The true hypsilophodonts make up the majority of Dixon’s small ornithopods and his taxa can easily be placed with Spec’s two Hypsilophodont clades the Neodryosaurs and the Viriosaurs.
Neodryosauria Neodryosaurs are small ornithopods in Australasia, Madagascar, and southern Asia that closely resemble the iguanodontian dryosaurids. Appearances can be deceptive, however and these little beasts are actually derived from the Patagonian Thescelosaur Gasparinisaura. Dendrosauridae (Brumtumblers, prefects, puusa mölies and Multipolexines) Dendrosaurs are a group of fairly large, long-legged tree-climbers found in Asia and northern Australia. They are unique in having crenulated pads on their feet, which allow them to grasp onto vertical surfaces. Many, but not all, have an Iguanodonlike thumb-spike used for defense or for puncturing and scraping large fruits. Three of Dixon’s species are clearly members of this family but differ in lacking the thumb-spike and retaining a five fingered manus in which both the first and fifth finger are opposable for grasping branches. This “two-thumbed” offshoot of the dendrosaurs deserves their own subfamily, Multipollexinae, to distinguish them from the more conventional Denrosaurinae. The Taddey (Multipollex moffati) of the orient is a bulky, slow-moving, panda-like species that feeds on bamboo. The Crackbeak (Fortirostrum fructiphagum) is an Australian species with a hornbill-like crest that closely resembles the Spec brumtumblers of genus Trichosaurus. It specializes in hard nuts and fruits.

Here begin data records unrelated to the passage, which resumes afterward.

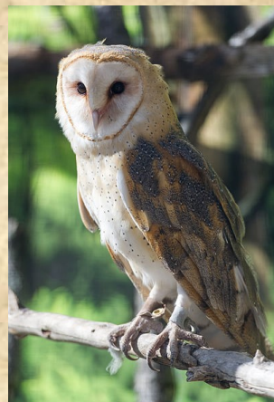
Barn Owl
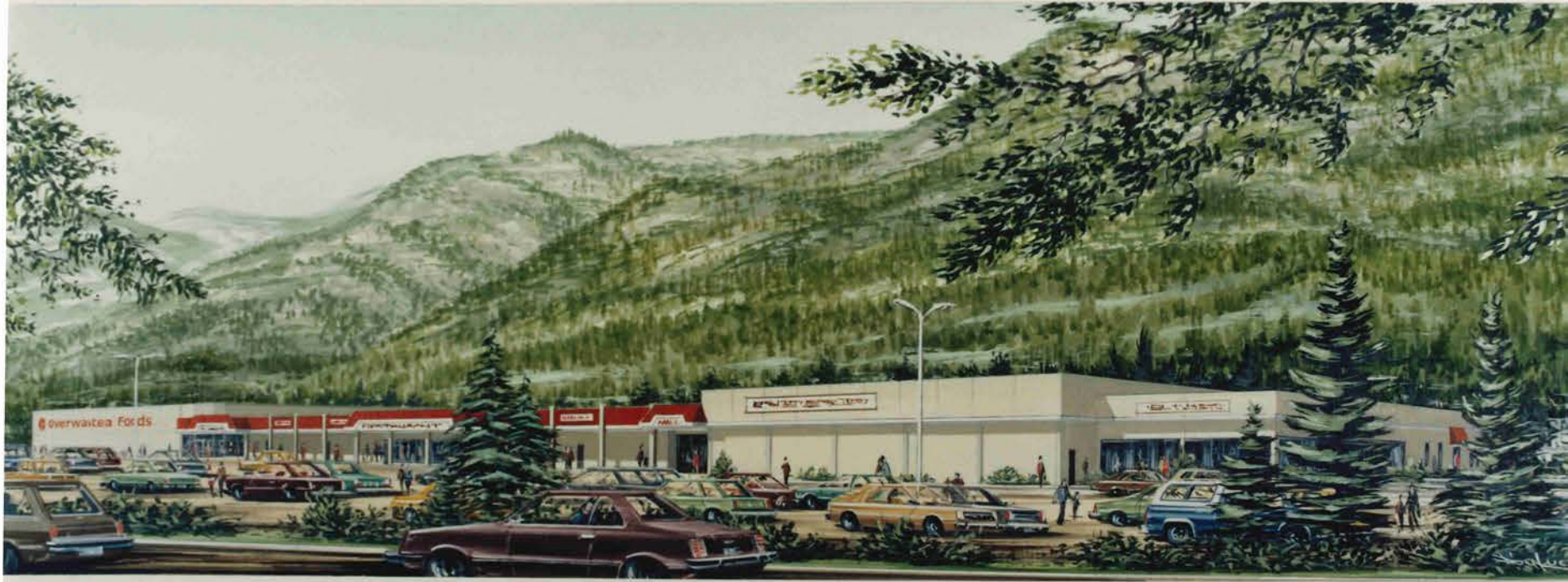
Greenwood Mall - Sparwood - B.C.
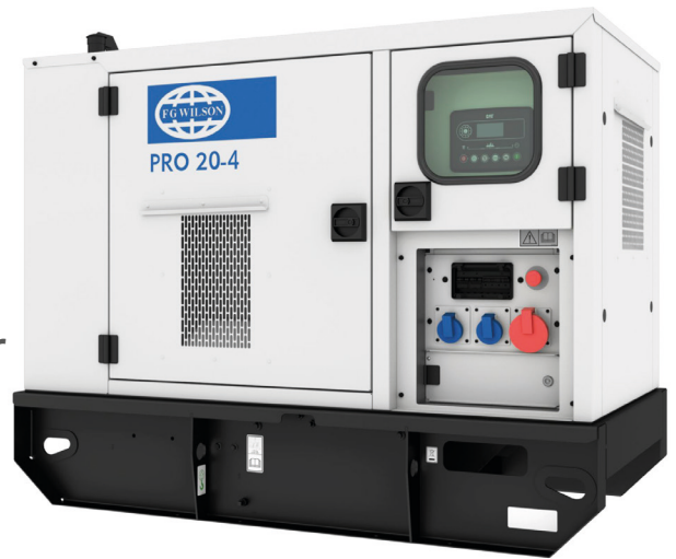
Generator shown is indicative and may not be representative of equipment available at the time.

The Tubb (Pigescandens robustus) is another Australian form but is slow- moving and bulky like the Taddey instead of slender and long legged like the crackbeak. A koala-like animal feeds on eucalyptus leaves.

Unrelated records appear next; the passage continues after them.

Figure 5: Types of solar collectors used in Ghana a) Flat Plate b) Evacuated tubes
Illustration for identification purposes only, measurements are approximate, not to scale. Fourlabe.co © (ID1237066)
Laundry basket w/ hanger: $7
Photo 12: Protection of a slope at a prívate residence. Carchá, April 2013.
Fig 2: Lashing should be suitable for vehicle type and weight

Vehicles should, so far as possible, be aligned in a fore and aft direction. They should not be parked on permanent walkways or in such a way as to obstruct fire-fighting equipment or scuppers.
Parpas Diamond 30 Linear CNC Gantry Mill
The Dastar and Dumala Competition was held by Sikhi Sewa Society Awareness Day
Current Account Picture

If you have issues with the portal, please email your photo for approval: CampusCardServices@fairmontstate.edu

Viriosauria Viriosaurs closely resemble such late-Cretaceous ornithopods as Thescelosaurus but lack teeth on the premaxilla, bearing an iguanodont-like battery of beak and ridged, grinding cheek teeth. The majority of Dixon’s hypsilophodonts belong to this clade. Viriosauridae (Viries) Viriosaurids are a family of small, bipedal herbivores with and an enlarged inner toe. Dixon’s viriosaurs can be divided into two subfamilies the Nivesaurines and the Viriosaurines. The Nivesaurine (snow lizards) are primitive viries with five fingered forepaws and include the coneater and balaclav. The Viriosaurines are the typical viries as given in Spec with fourfingered hands, although digits IV and I are often reduced. The coneater (Strobofagus borealis) this snow lizard but inhabits the cold taiga of Eurasia. Unlike its cousin the balaclav, coneaters lack thick fur but use thick blubber to keep warm.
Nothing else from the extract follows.